Researchers have developed predictive models of flu-like activity that provide real-time estimates of flu activity and accurate forecasts of flu-like illness levels, according to Science Daily.
“There are many data sources and models that can be used to predict flu-like symptoms in the population,” said study lead author Mauricio Santillana, PhD, of Boston Children’s Computational Health Informatics Program and the Harvard John A. Paulson School of Engineering and Applied Sciences. “But our question was, if we have many models each predicting flu activity, do we gain anything by combining them?”

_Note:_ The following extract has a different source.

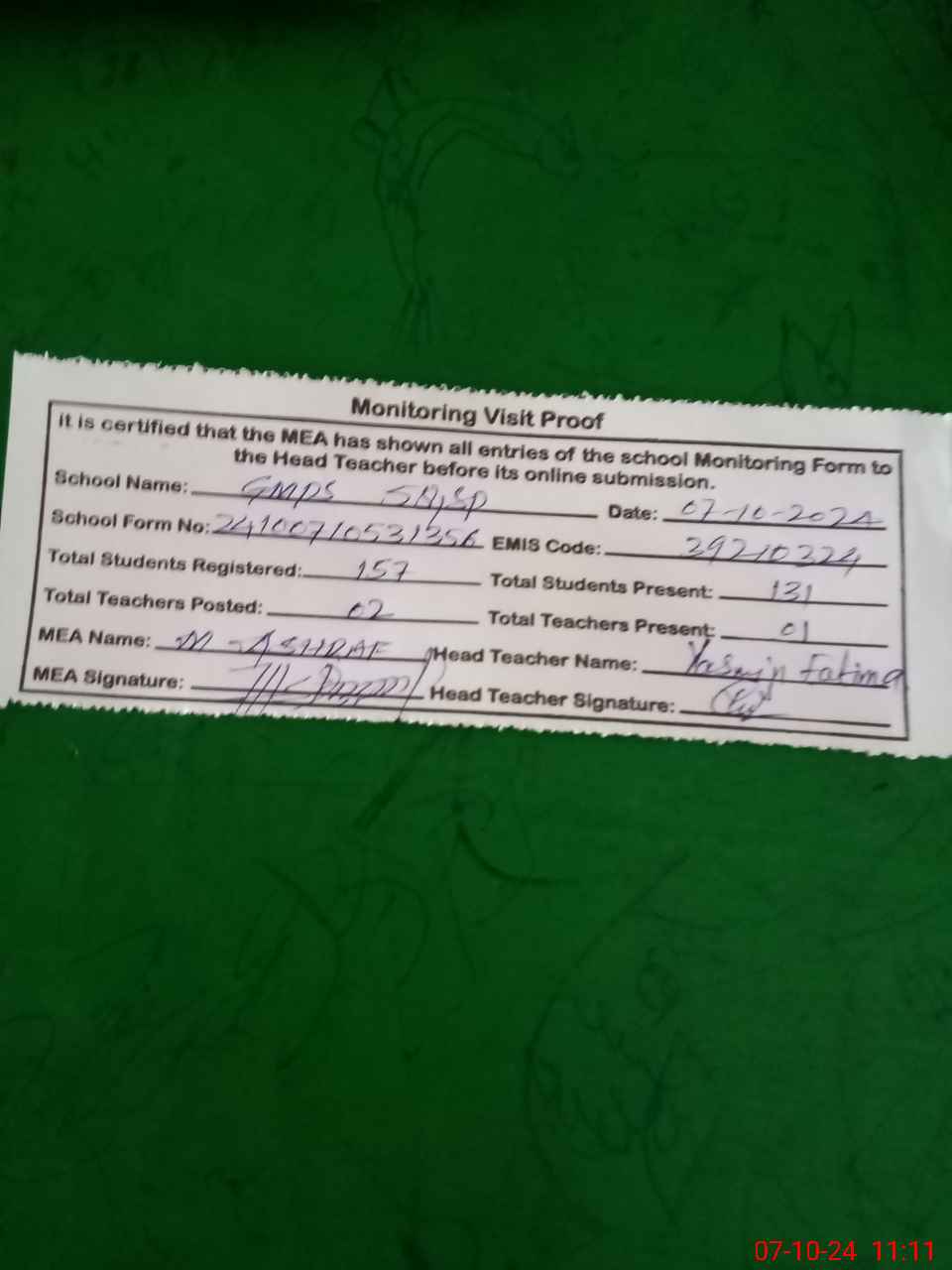 | Attendance Register | Head Teacher | MEA with School | Visit Proof |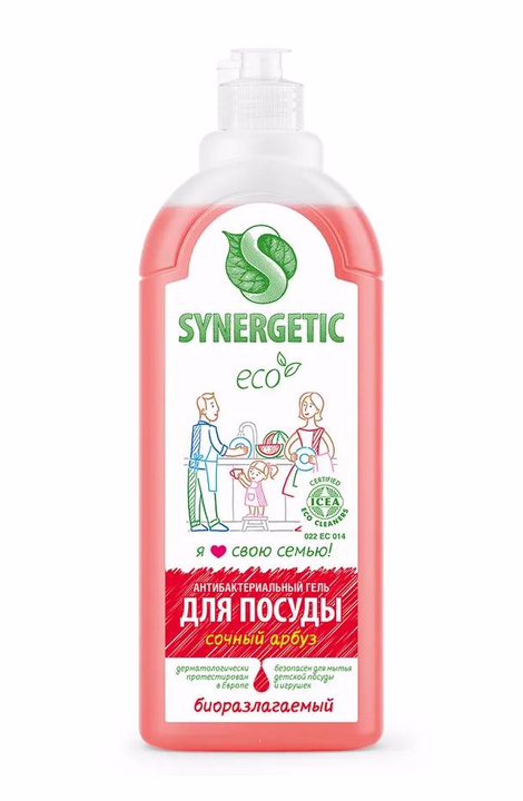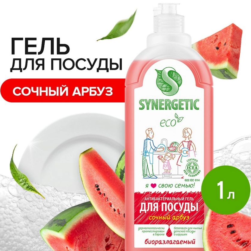 Безопасное средство с ароматом сочного арбуза для мытья посуды, детской и взрослой, фруктов и овощей, а также игрушек, которые дети так любят тянуть в рот.

Santillana and John Brownstein’s, PhD, team started with four separate now-casting models of flu-like illness activity, each fed aggregated, anonymized, national-level data from one of four sources: a) search data from Google; b) Twitter data; c) near-real time clinical data from electronic health record (EHR) manager athenahealth; and d) crowd-sourced flu data from Flu Near You, a participatory surveillance system developed by HealthMap. In an approach similar to that used by weather forecasters to predict hurricane tracks, the team then used machine-learning techniques to generate a set of “ensemble” models that incorporated the results produced by the other four single-source models.
To determine their ensemble models’ accuracy and robustness, Santillana and Brownstein’s team compared their results to those of each of the four real-time source models, as well as both CDC’s historical flu-like illness reports and GFT-based now-casts from the 2013-14 and 2014-15 flu seasons. The ensemble models not only outperformed their four real-time source models, but when compared to CDC’s historical flu-like illness reports, generated better forecasts of both the timing and the magnitude of flu-like illness activity at each time horizon measured (“this week,” “next week,” “in two weeks”) than models that rely on historical information only.
The ensemble predictions also accurately tracked CDC’s reports of actual flu activity, with near perfect correlation (0.99 Pearson correlation) for real time estimates and slightly smaller correlation (0.90 Pearson correlation) at the two-week time horizon.